> [Your task] What is needed is an exact copy of every line from the one containing "Nasilni blokaderi brutalno" through the end of the entries; please set it down without any pictures.

> [Supplied data]
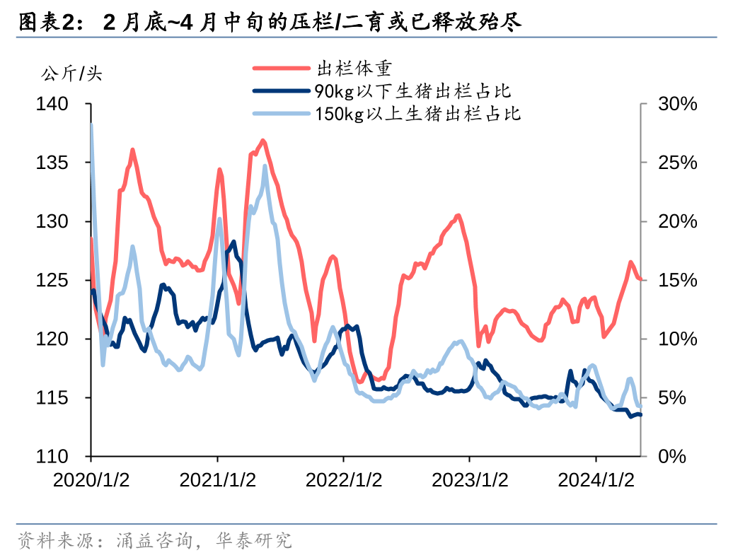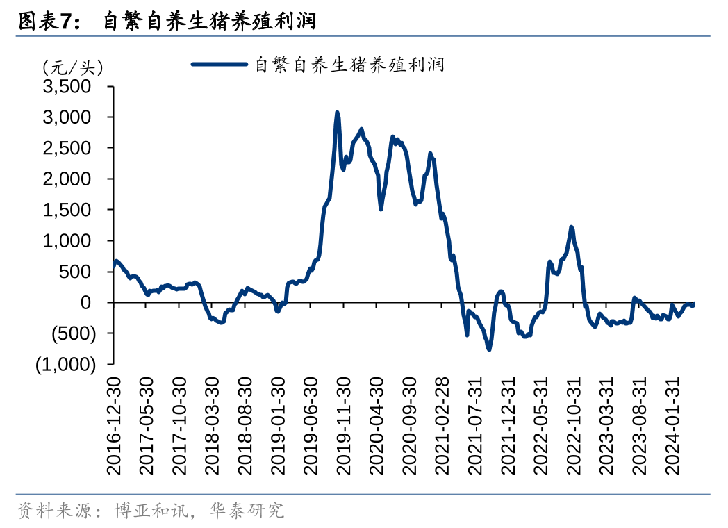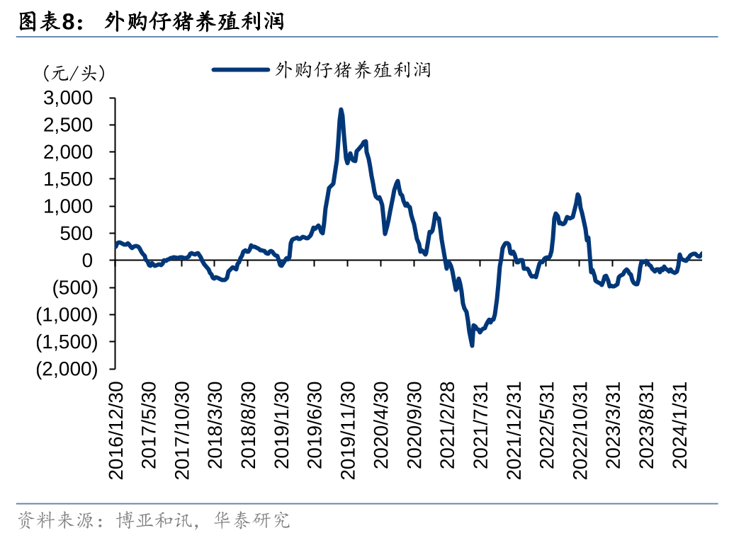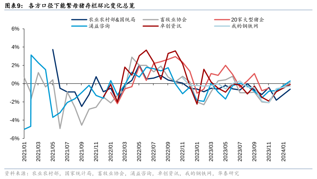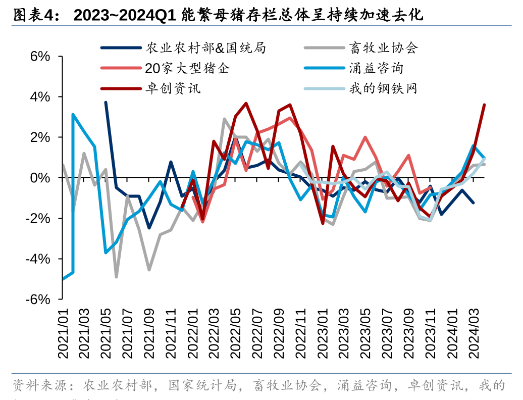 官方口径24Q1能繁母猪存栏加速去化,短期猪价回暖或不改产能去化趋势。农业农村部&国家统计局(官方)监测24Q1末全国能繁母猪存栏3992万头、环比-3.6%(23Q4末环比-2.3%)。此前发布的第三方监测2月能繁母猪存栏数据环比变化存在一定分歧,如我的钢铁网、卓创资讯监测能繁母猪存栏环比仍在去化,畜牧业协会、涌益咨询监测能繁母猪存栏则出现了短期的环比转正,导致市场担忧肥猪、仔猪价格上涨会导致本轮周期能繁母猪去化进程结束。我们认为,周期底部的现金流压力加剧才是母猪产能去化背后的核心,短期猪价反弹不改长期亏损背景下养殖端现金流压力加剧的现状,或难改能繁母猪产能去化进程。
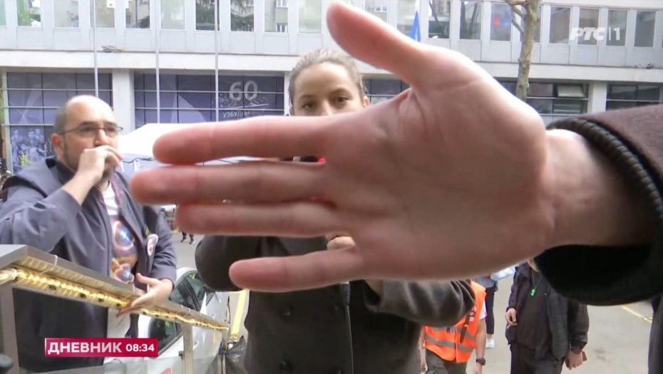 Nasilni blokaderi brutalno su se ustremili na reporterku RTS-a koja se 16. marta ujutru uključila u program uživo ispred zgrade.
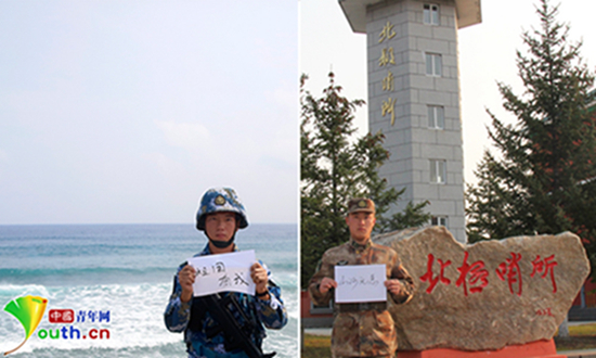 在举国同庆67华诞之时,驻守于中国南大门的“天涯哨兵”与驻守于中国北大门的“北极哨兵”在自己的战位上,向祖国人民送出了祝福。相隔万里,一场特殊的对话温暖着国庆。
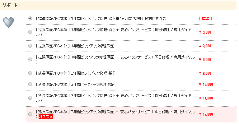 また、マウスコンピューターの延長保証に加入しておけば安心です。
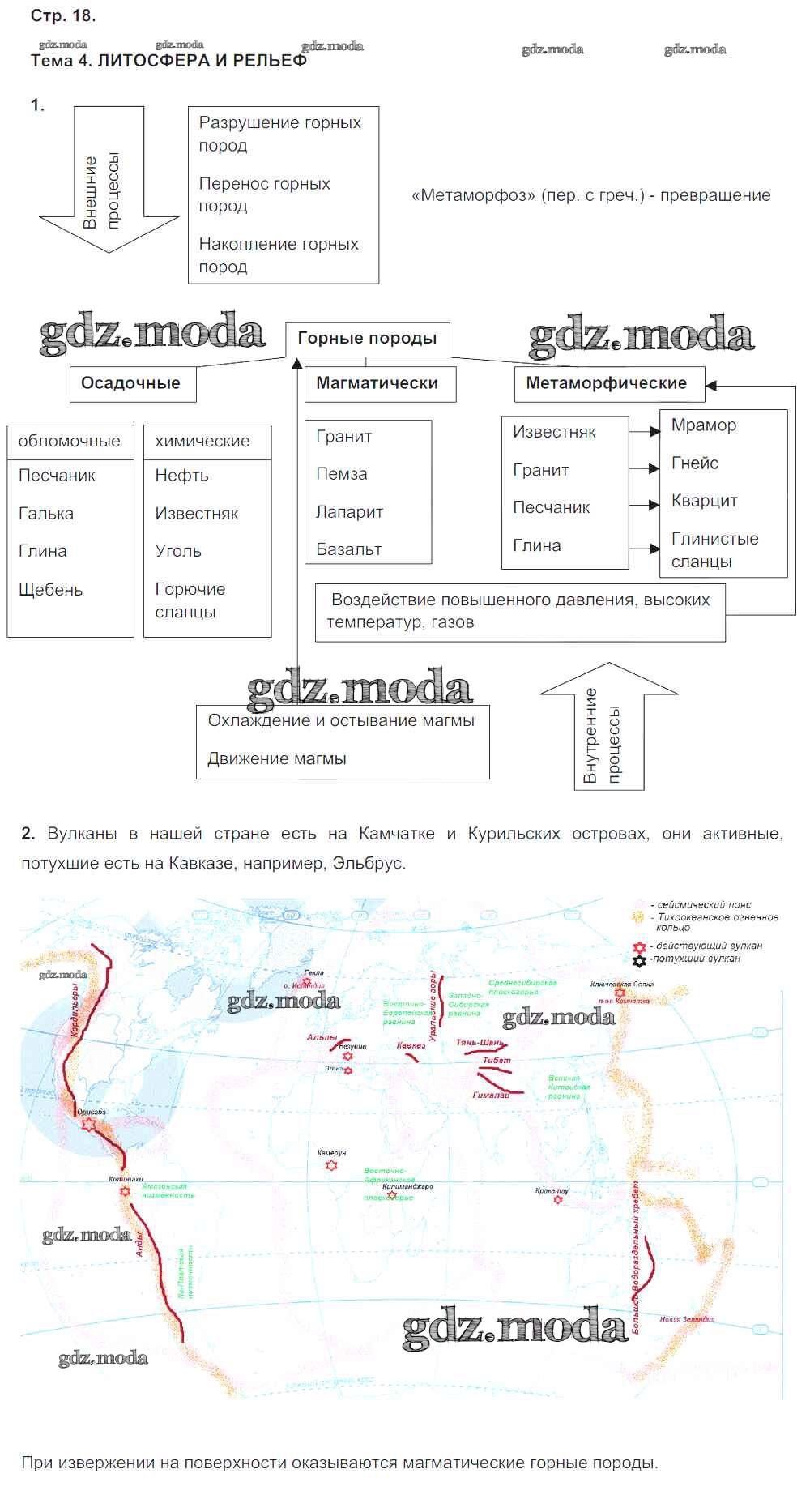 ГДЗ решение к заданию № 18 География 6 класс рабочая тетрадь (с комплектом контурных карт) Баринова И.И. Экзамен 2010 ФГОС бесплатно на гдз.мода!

> [Exercise output]
 Nasilni blokaderi brutalno su se ustremili na reporterku RTS-a koja se 16. marta ujutru uključila u program uživo ispred zgrade.
 在举国同庆67华诞之时,驻守于中国南大门的“天涯哨兵”与驻守于中国北大门的“北极哨兵”在自己的战位上,向祖国人民送出了祝福。相隔万里,一场特殊的对话温暖着国庆。
 また、マウスコンピューターの延長保証に加入しておけば安心です。
 ГДЗ решение к заданию № 18 География 6 класс рабочая тетрадь (с комплектом контурных карт) Баринова И.И. Экзамен 2010 ФГОС бесплатно на гдз.мода!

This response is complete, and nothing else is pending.